Background/Aim: Clinical features of patients with COVID-19 have revealed a number of hematological markers associated with in-hospital mortality. In particular, the blood levels of white blood deferential including; lymphocyte, monocyte, and neutrophil counts. A growing evidence shows that ratios among lymphocytes, monocytes, and neutrophils are more accurate to predict mortality than cell count by itself l. For this reason, our main goal was to assess the negative clinical impacts prognostic performance of Monocytes to Lymphocytes ratio (MLR) compared with Monocytes and Lymphocytes counts in mechanically Ventilated Critically I'll COVID-19 Infected Patients.Methods: A retrospective study was conducted in our Royal Medical Services institutions for all mechanically ventilated critically I'll COVID-19 infected patients.
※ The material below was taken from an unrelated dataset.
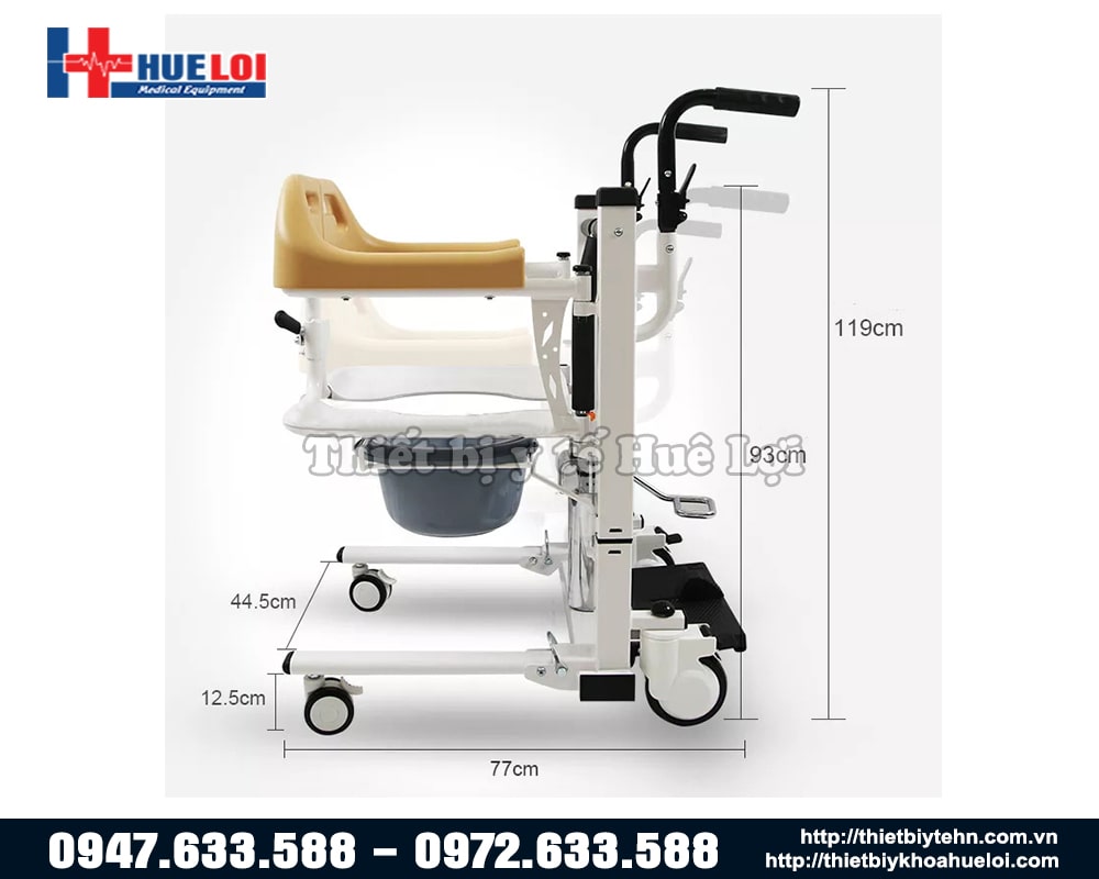 Xe lăn hai cánh nâng hạ bệnh nhân có thể tách rời thành 2, sử dụng piston để nâng hạ bệnh nhân, từ đó giúp bệnh nhân dễ dàng ngồi lên mà không cần bê/vác, chất liệu thép cực dày, nhựa ABS chống nước, có bô vệ sinh, đệm ngồi. Sản phẩm thích hợp cho những bệnh nhân gặp khó khăn trong việc đi lại, giúp người nhà giảm bớt gánh nặng trong việc chăm sóc.

An Independent T, Mann Whitney-U, and Chi Square Tests were used to analyze the parametric and non-parametric outcomes’ data. A receiver-operating characteristic was plotted to determine the area under the curve of each tested prognosticator and to identify the optimal cutoff point, sensitivity, specificity, Youden index, accuracy, and positive/negative predictive values.Results: The mean age of the whole study cohort was 58.37±9.96 years, and the Survivors Cohort were insignificantly older than the Non-Survivors Cohort (58.55±9.95 years versus 58.09±10.05 years, respectively, p>0.05). Significantly, males were distributed in the study in approximately a 2: 1 ratio compared to females. Overall 28-day ICU mortality was detected in 94 (48.70%) during an average of 12.40±4.79 days of ICU length of stay. Haematologically, the monocytes count and their ratio to lymphocytes count were significantly lower in the Survivors Cohort compared with Non-Survivors Cohort (1108±112 cells/µl and 0.25±0.10 versus 2550±421 cells/µl and 0.89±0.19, respectively, p<0.05). Conversely, the count of lymphocytes was significantly higher in the Survivors Cohort compared with Non-Survivors Cohort (4410±422 cells/µl versus and 2866±210 cells/µl, respectively, p<0.05). Conclusion: In this study, we concluded that the increasing of monocytes count and monocytes to lymphocytes ratio or decreasing lymphocytes count in COVID-19 infected patients, especially the mechanically ventilated critically ill cohort, could be potentially used for their reasonable performances and prediction utility in early identification and stratification of COVID-19 infected patient’s severities.